What digital transformation means for business
I was recently interviewed by a Flemish network of Chambers of Commerce & Industry for their special issue on digital transformation. The interview was published in Dutch. We hope the short Q&A can be helpful for an English-speaking audience.
What is digital transformation really?
Digital transformation is a journey for a business aiming at developing radically new revenue streams, market differentiation, and new products and services with the help of data, analytics, and new digital technologies. Examples of such a transformation are selling digital assets (e.g. selling data), new digital products and services, renting out a product instead of selling it (car sharing, light as a service (Philips provides light as a service at Schiphol Airport, digital recorders for your TV), or moving to adjacent industries (e.g. tesla going from selling cars to selling batteries and powerhouses ).
Is digital transformation important for every business?
I believe the journey to truly transform your business model and revenue streams is not necessary for every business, - only for businesses in industries which are being disrupted. Examples would be banking, insurance, notaries, lawyers, financial services, retail, transportation. Businesses which operate in stable segments may not need to transform themselves, but should focus on digital optimisation - radical improvements of productivity, profitability and customer satisfaction.
Often the company starts with digital optimisation and then only is ready for transformation as the digital maturity, data literacy and internal analytics capabilities increase. A third group of companies are called digital natives - companies which are created using transformative new technologies. Many modern startups and scaleups in the technology sectors are like this. Including DataStories.
What can you, as A.I. software company, do for businesses who are currently digitalising?
We help companies who already started the digitisation initiatives, (collect and manage their information digitally) to see where the value in data is lying. Our software helps them quantify the consequences of their actions or in-actions, and run interactive what-if scenarios to see what are the best changes to make.
For example what are the optimal changes to the parameters to your production process to reduce waste or increase yield or improve product consistency, or which customer segments to focus on in your marketing campaigns, or which employees to pay attention to because they may leave soon.
What is augmented intelligence?
Augmented intelligence (or in short A.I.) is a result of augmenting (expanding) a human expert with powerful predictive analytics tools (or artificial intelligence, also A.I.) to solve hard business problems using data.
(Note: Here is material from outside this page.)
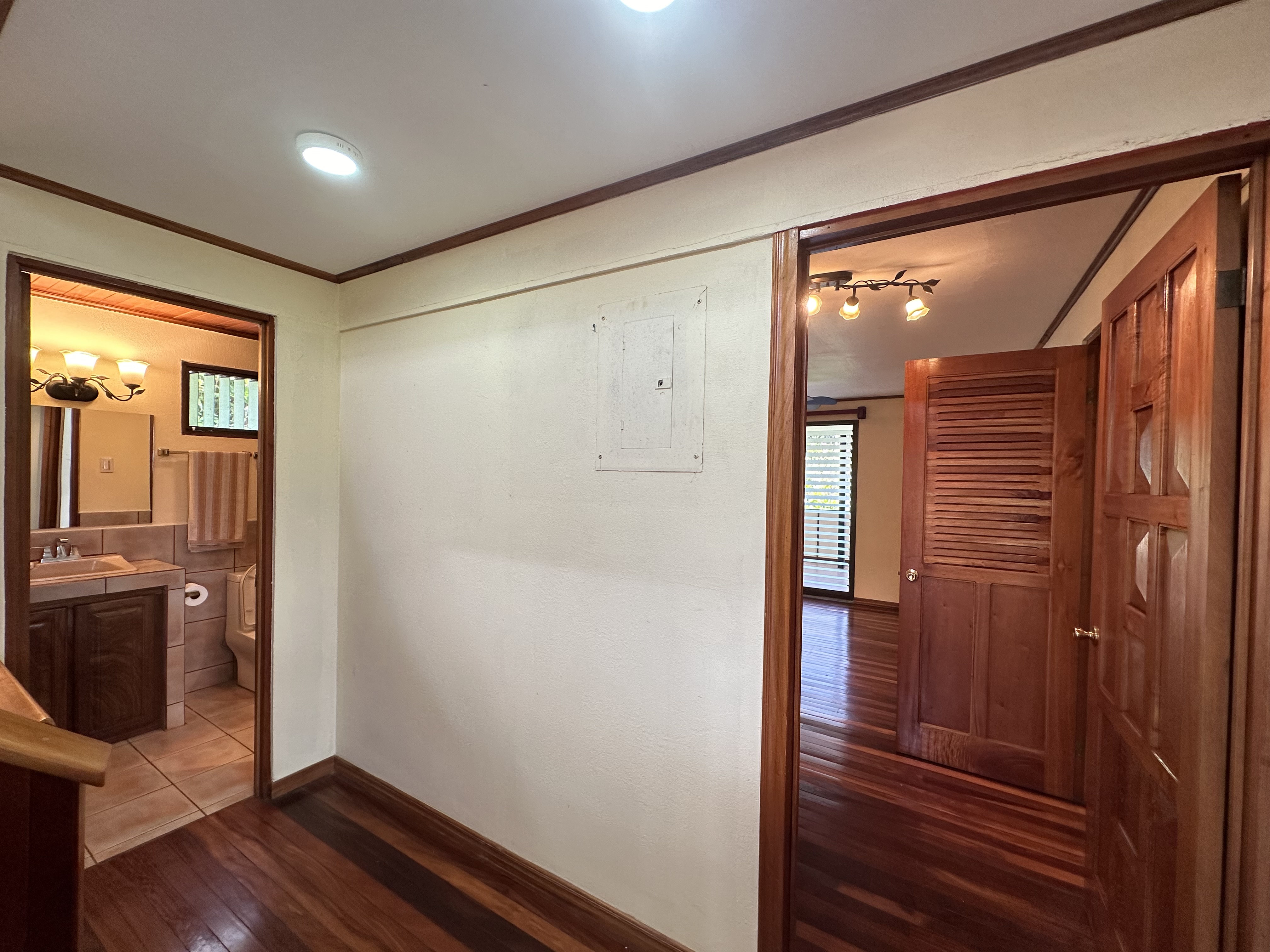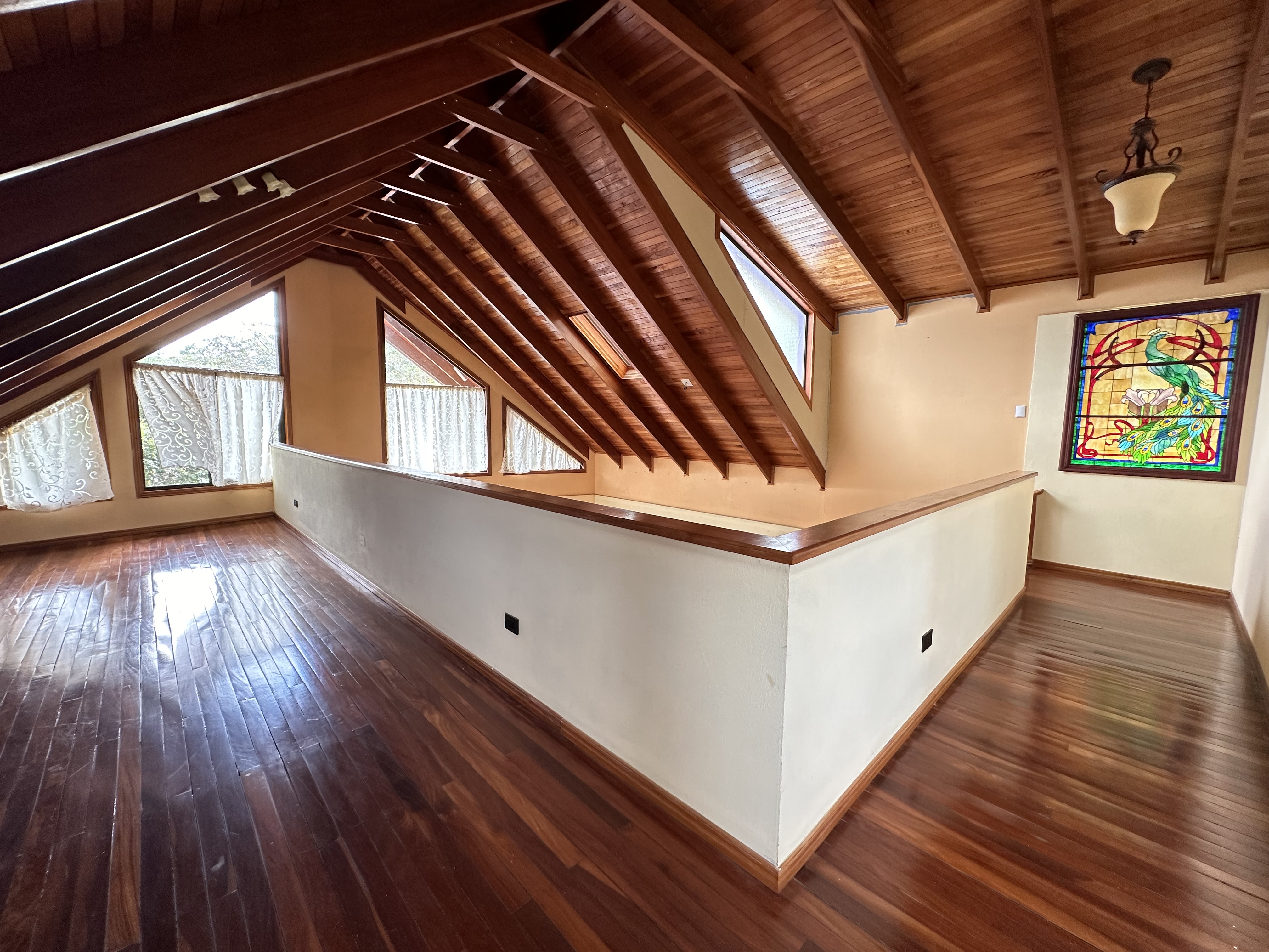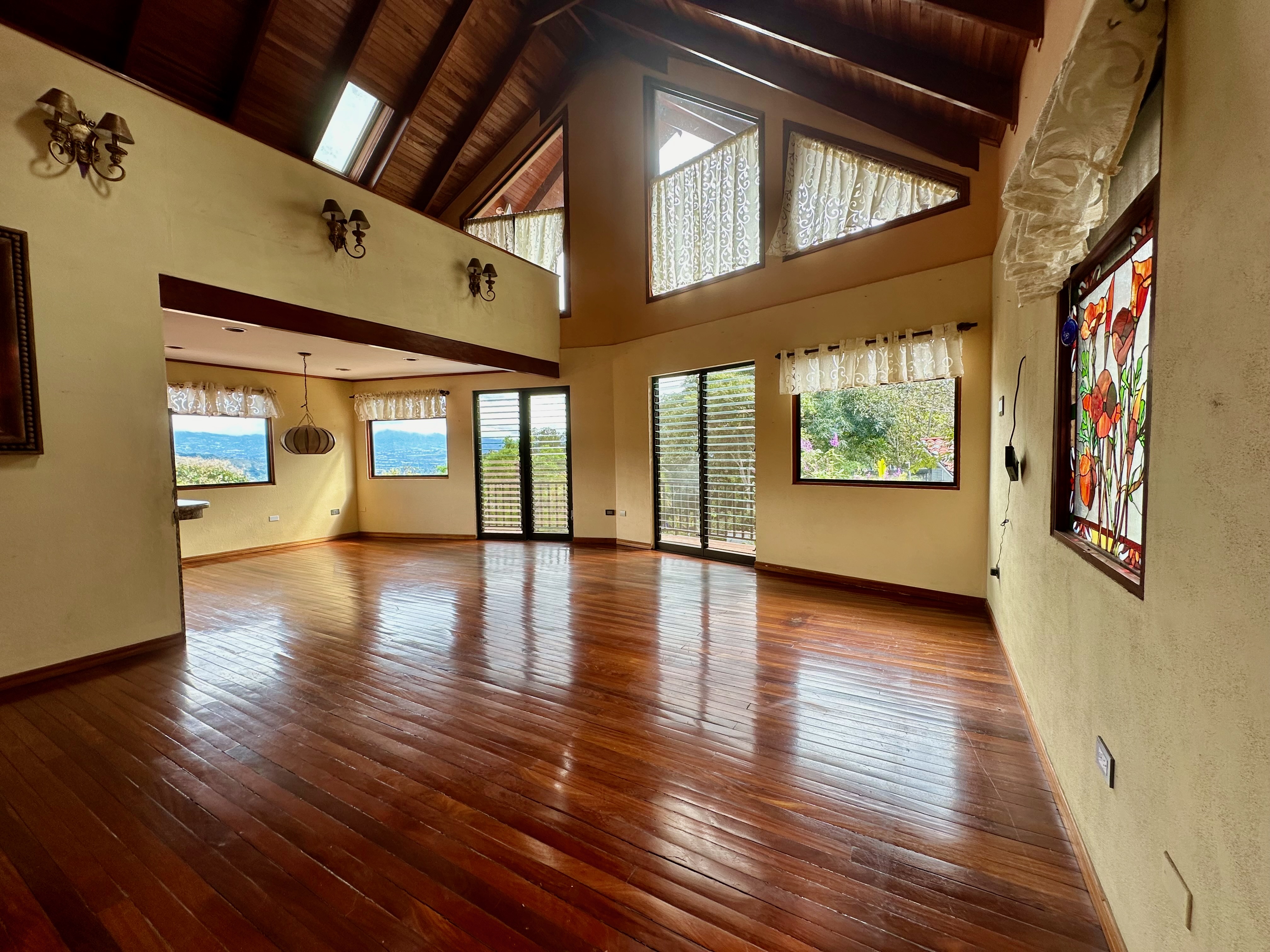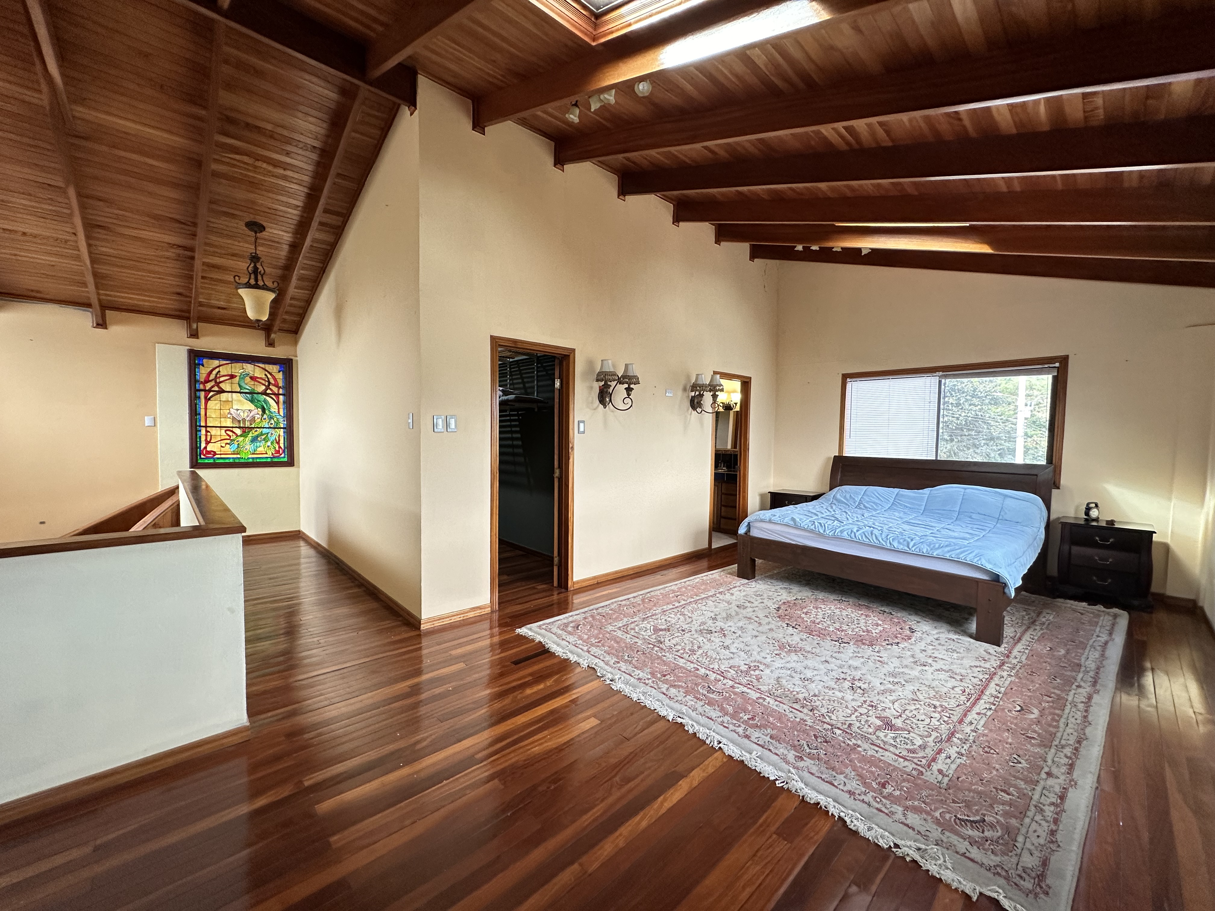 Second Floor: A stunning spiral staircase with fine wooden steps leads to the top level, where the master suite awaits. This luxurious space includes a private bathroom, a walk-in closet, and breathtaking panoramic views—you can even spot multiple volcanoes on clear days! Additionally, there’s a spacious area that can serve as an office, studio, or anything you can imagine.

It usually needs data from the past and the present to predict the future and understand why the trends we see are happening. It is a better term to use instead of artificial intelligence as it emphasizes the need of the human expert needed to validate the hypotheses using knowledge and context and take final decisions. READ MORE
If data has more than a handful parameters, and it is very difficult for a human to discover and understand deep relationships between them. That’s why we need powerful analytics tools like DataStories.
Which companies would benefit the most from augmented analytics?
We help businesses which already collect data and need to improve their complex production or assembly process, or complex product development & innovation process which requires a lot of trial and error to get to optimal products.
Our software helps the company understand deep relationships in all parameters of the process and identify drivers of the outcomes.
How can you help businesses use A.I. now in the midst of the COVID19 crisis?
Indeed, a part of our projects has been focused on cost reduction for production and product innovation. Both have become critical after the corona crisis. Businesses in the maakindustrie had to stop production and revenues dropped, so cost saving became critical.
In consumer goods sector kept working all these months, but innovation on reducing the cost of their product has become important because the buying budget of consumers has also dropped with the crisis. Our technology helps for both problems, that’s why we are having a busy year.
One additional application is budgeting and cost forecasting after the corona crisis.
From about July 2020 (five months into the crisis) it became possible to automatically adjust forecasts using new post-crisis data and build reliable predictions for demand, and revenue for the coming months.